------ Provided material

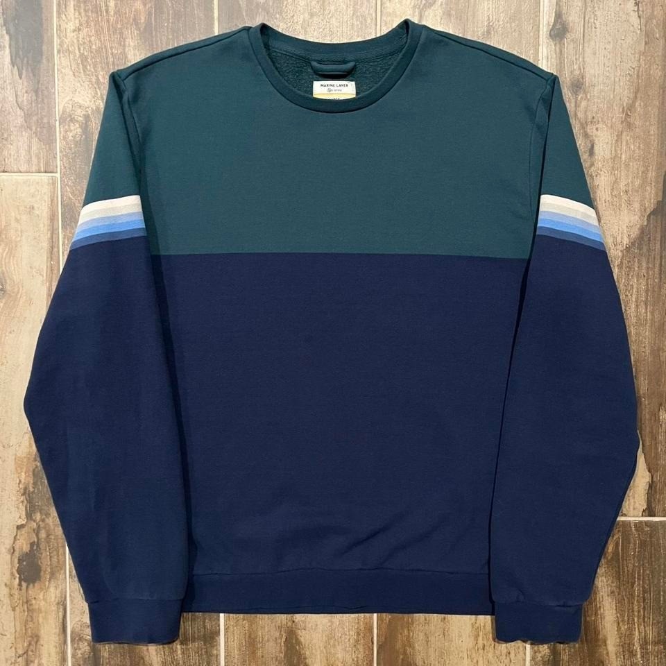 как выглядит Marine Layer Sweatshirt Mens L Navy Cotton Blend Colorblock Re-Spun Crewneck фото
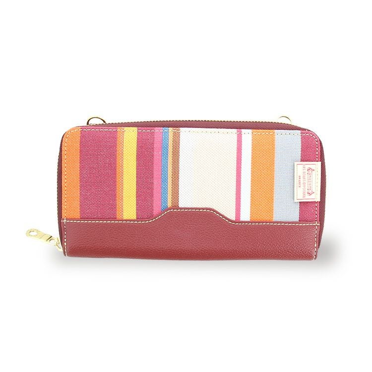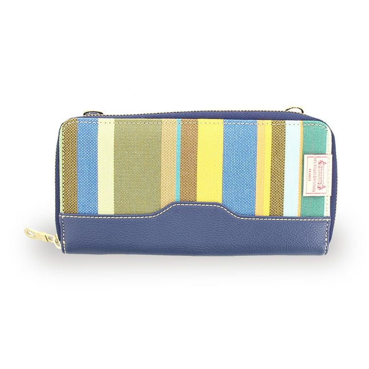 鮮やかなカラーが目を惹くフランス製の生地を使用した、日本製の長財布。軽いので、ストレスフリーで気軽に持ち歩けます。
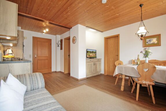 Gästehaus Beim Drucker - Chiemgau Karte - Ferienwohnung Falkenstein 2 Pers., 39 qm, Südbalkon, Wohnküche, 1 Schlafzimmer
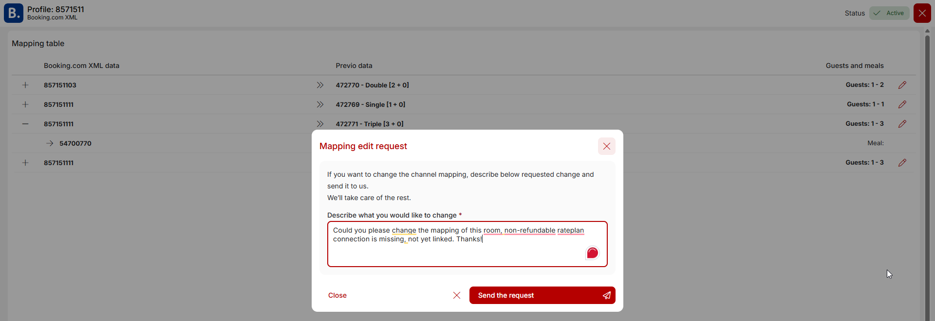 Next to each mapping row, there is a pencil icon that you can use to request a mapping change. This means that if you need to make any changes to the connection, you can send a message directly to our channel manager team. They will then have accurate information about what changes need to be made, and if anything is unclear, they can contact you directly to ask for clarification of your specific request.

------------

**Problem:**
Your reply should hold exactly the lines from the line containing "鮮やかなカラーが目を惹くフラ" through the final line of the listing, and none of the pictures.

**Answer to this task:**
 鮮やかなカラーが目を惹くフランス製の生地を使用した、日本製の長財布。軽いので、ストレスフリーで気軽に持ち歩けます。
 Gästehaus Beim Drucker - Chiemgau Karte - Ferienwohnung Falkenstein 2 Pers., 39 qm, Südbalkon, Wohnküche, 1 Schlafzimmer
 Next to each mapping row, there is a pencil icon that you can use to request a mapping change. This means that if you need to make any changes to the connection, you can send a message directly to our channel manager team. They will then have accurate information about what changes need to be made, and if anything is unclear, they can contact you directly to ask for clarification of your specific request.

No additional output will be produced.